KAWS + Warhol marks Patrick Moore’s last curatorial project as Executive Director of the Andy Warhol Museum. The exhibition sees the museum trying to assert its identity as the torch-bearer of Andy Warhol’s legacy, even as it faces Moore’s departure and the absence of an acting Chief Curator.

The same weekend of KAWS + Warhol’s opening marked The Warhol’s thirtieth anniversary. The museum brought new wave band Devo at the Carrie Furnaces for its celebratory thirty-year-anniversary gala, and though there was plenty of toasting and dancing, where the curatorial program will go over the next few years remains a question. So much depends on who is chosen to fill the Director and Curator positions: as with all institutions, The Warhol’s future will be colored by the visions of its executives.

A Darker Side

KAWS + Warhol focuses on the more vulnerable side of Warhol previously on display in 2023’s exhibition Unseen. Unseen used previously un-exhibited Warhol pieces to highlight his artistic practice and his sexuality. Its through-line was vulnerability, and we feel echoes of that in KAWS + Warhol. KAWS + Warhol touches on the more macabre elements of both artists’ work, what the museum calls their “signature bright colors and pop culture references [that also present] the lurid spectacle of death.”

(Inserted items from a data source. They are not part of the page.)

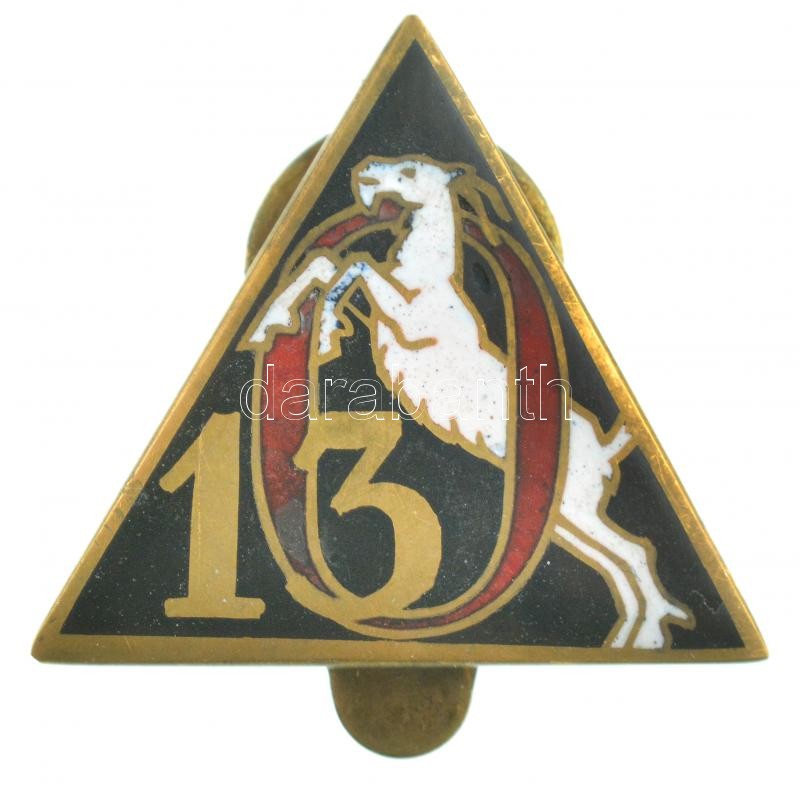 1943. A m. kir. 13. könnyű hadosztály emlékjelvénye, zománcozott bronz... https://www.darabanth.com/en/38-Major-auction/38.1/Numismatics/Military~15950/1943-A-m-kir-13-konnyu-hadosztaly-emlekjelvenye-zomancozott-bronz-gomblyukjelveny-hatl~II2557922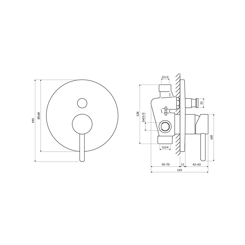 Mitigeur bain / douche à encastrer Collection Y avec 2 sorties, rosette Ø17 cm, cartouche céramique Ø40 mm et élément encastré inclus, disponible en plusieurs finitions.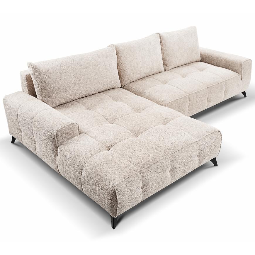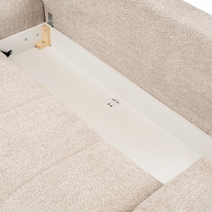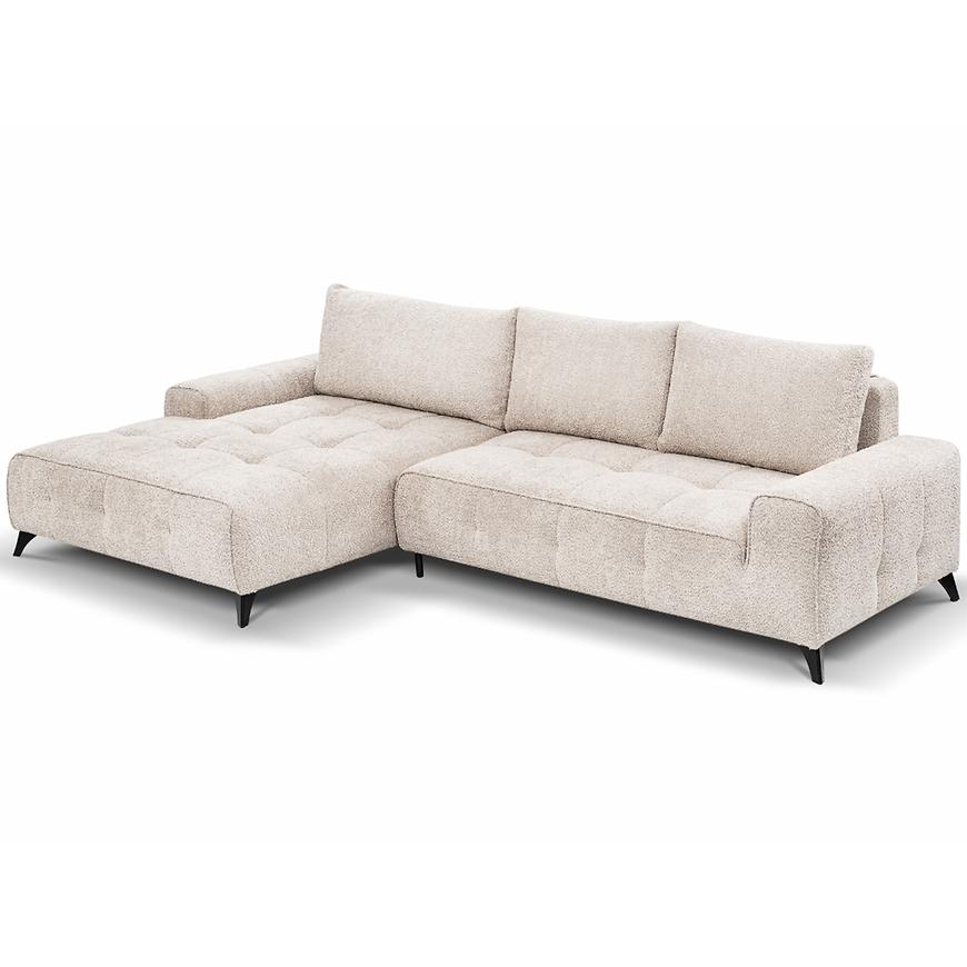 Wnętrze siedziska wypełnione sprężyną falistą zapewnia odpowiednie podparcie i komfort podczas siedzenia oraz spania. Dzięki lewostronnej orientacji narożnika w kształcie litery L, można go z łatwością dopasować do układu większości pomieszczeń. Prosta forma bez regulowanych zagłówków, podłokietników i oparcia, w połączeniu z czarnymi, minimalistycznymi nogami, doskonale wpisuje się w skandynawski design – lekki, funkcjonalny i ponadczasowy.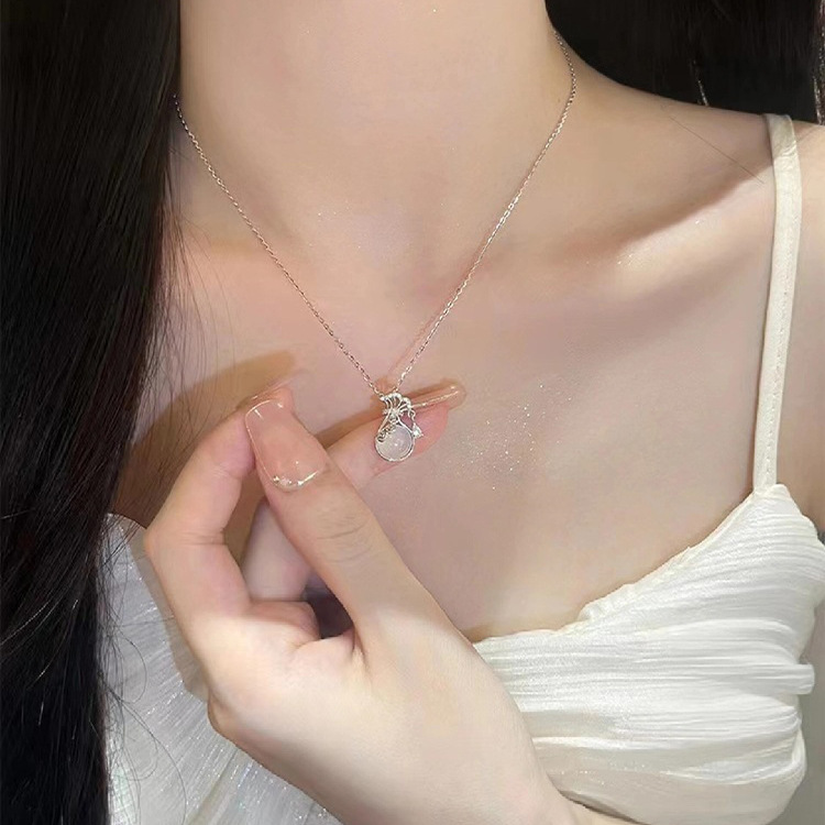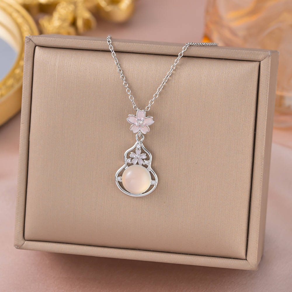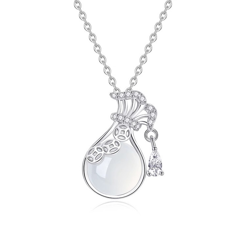 yxl9402 white jade gourd necklace steel color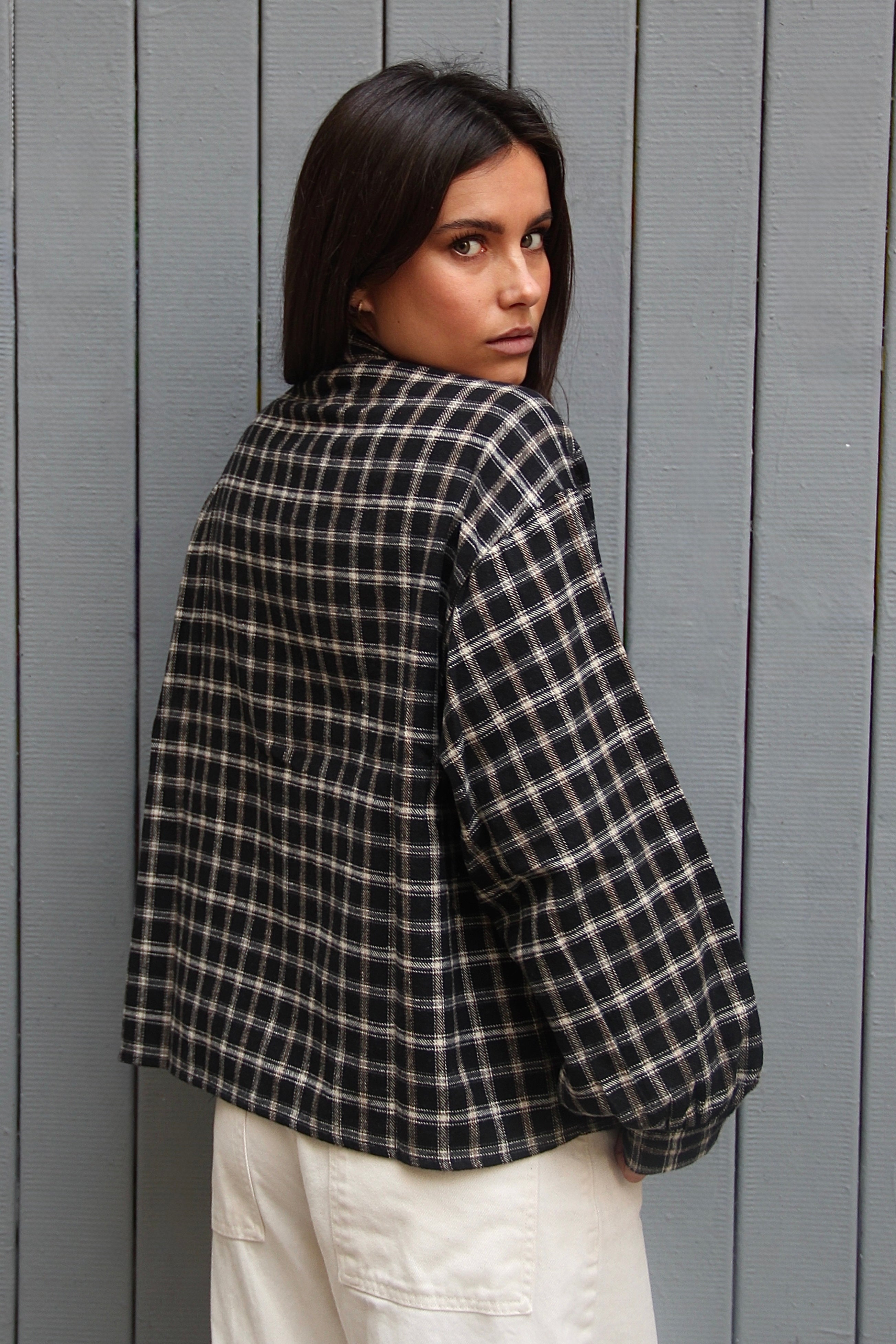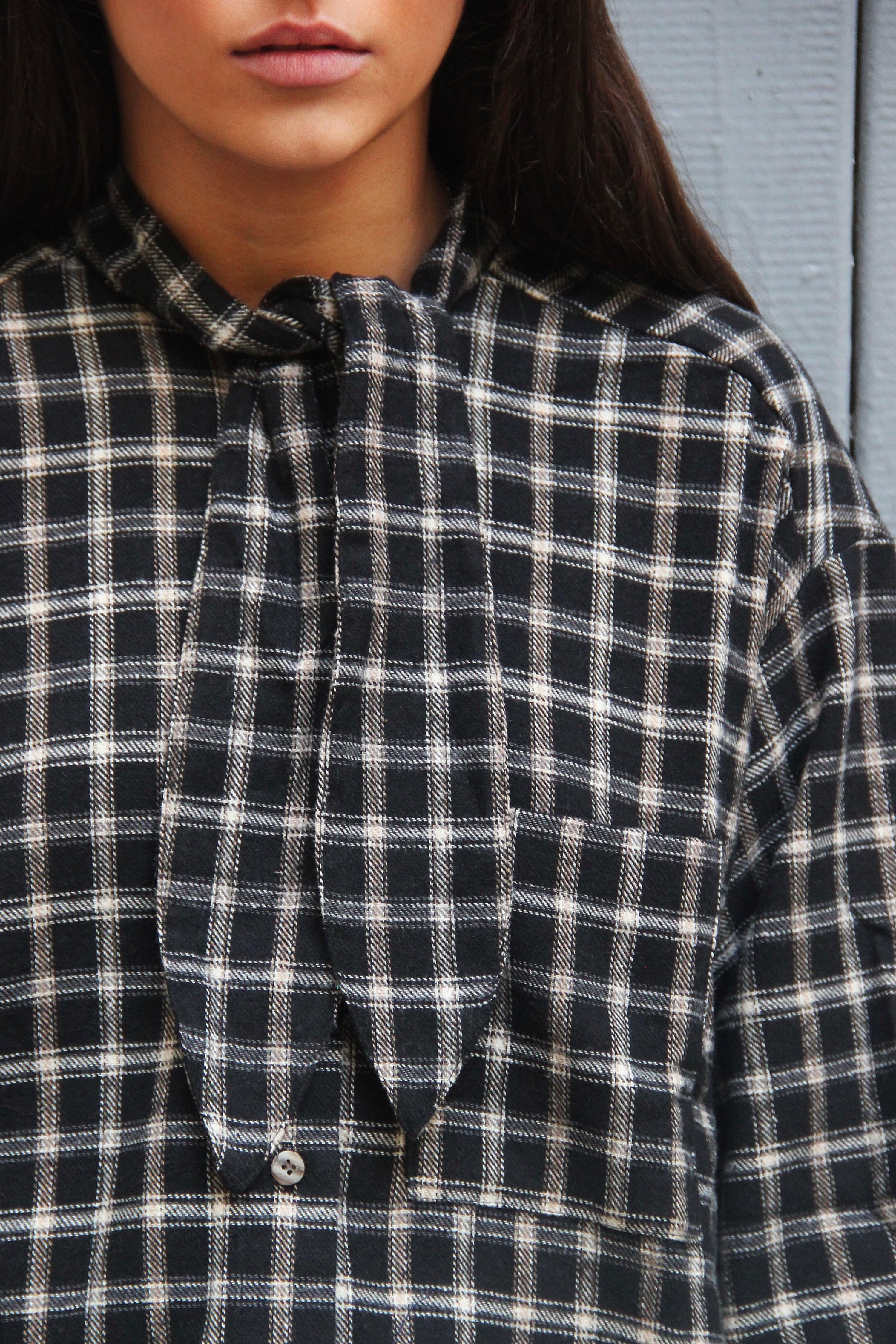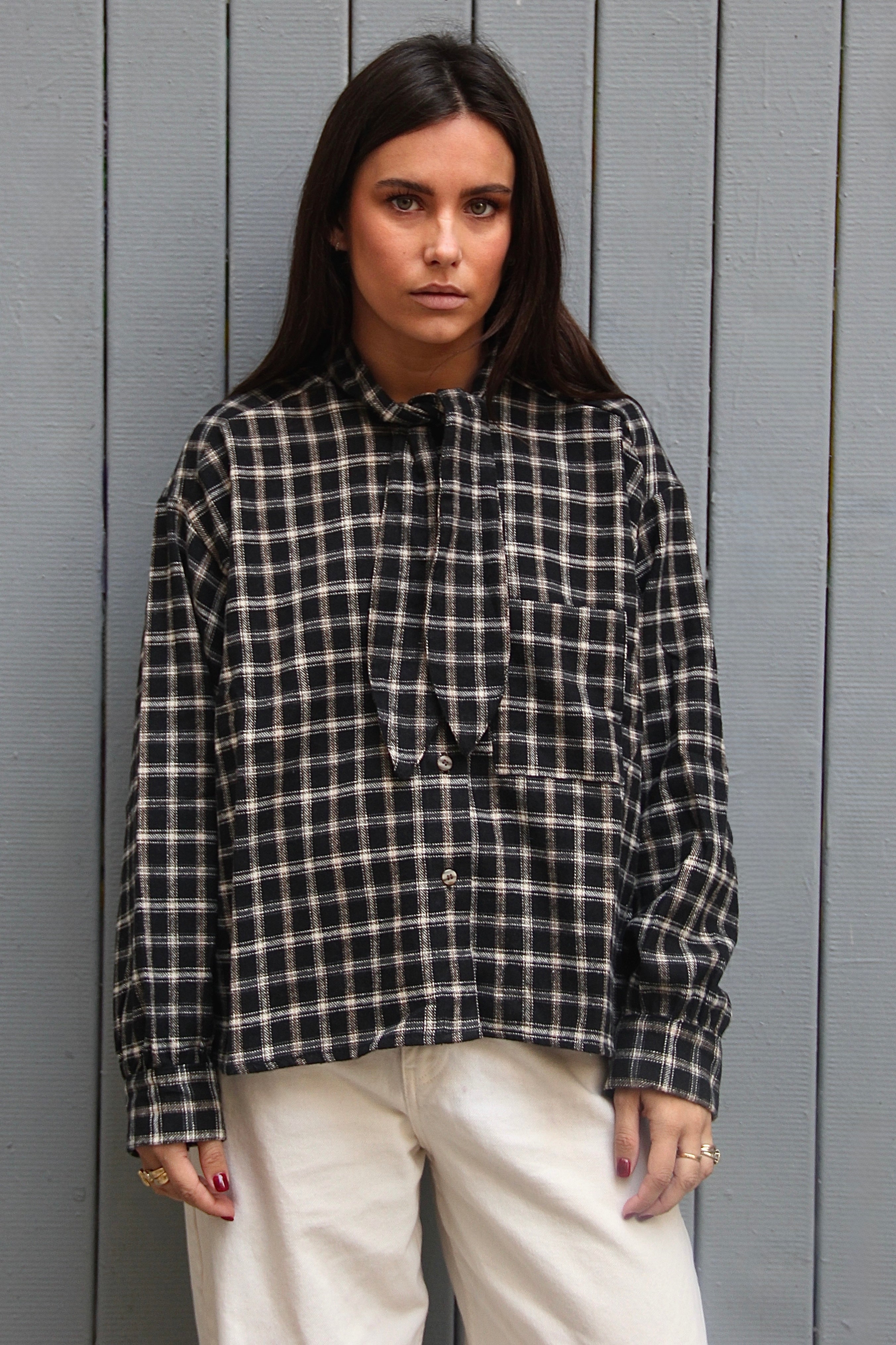Chemise à carreaux épaisse et douce, au tomber fluide. Détail lavallière pour un style à la fois élégant et casual. Taille unique. Le mannequin mesure 1m63.

Moore accomplishes this, in part, with Warhol’s Ambulance Disaster screenprints, where Warhol examined the fascination of watching violent disasters during the twenty-four-hour news cycle. Even more unsettling are his prints of electric chairs, their steady seats unoccupied by victims steely seats. Those pieces are a tad less flashy than the Campbell soup cans Warhol is known for, but they show his existential concerns and open up thought-provoking paths to understand his work even almost forty years after his death.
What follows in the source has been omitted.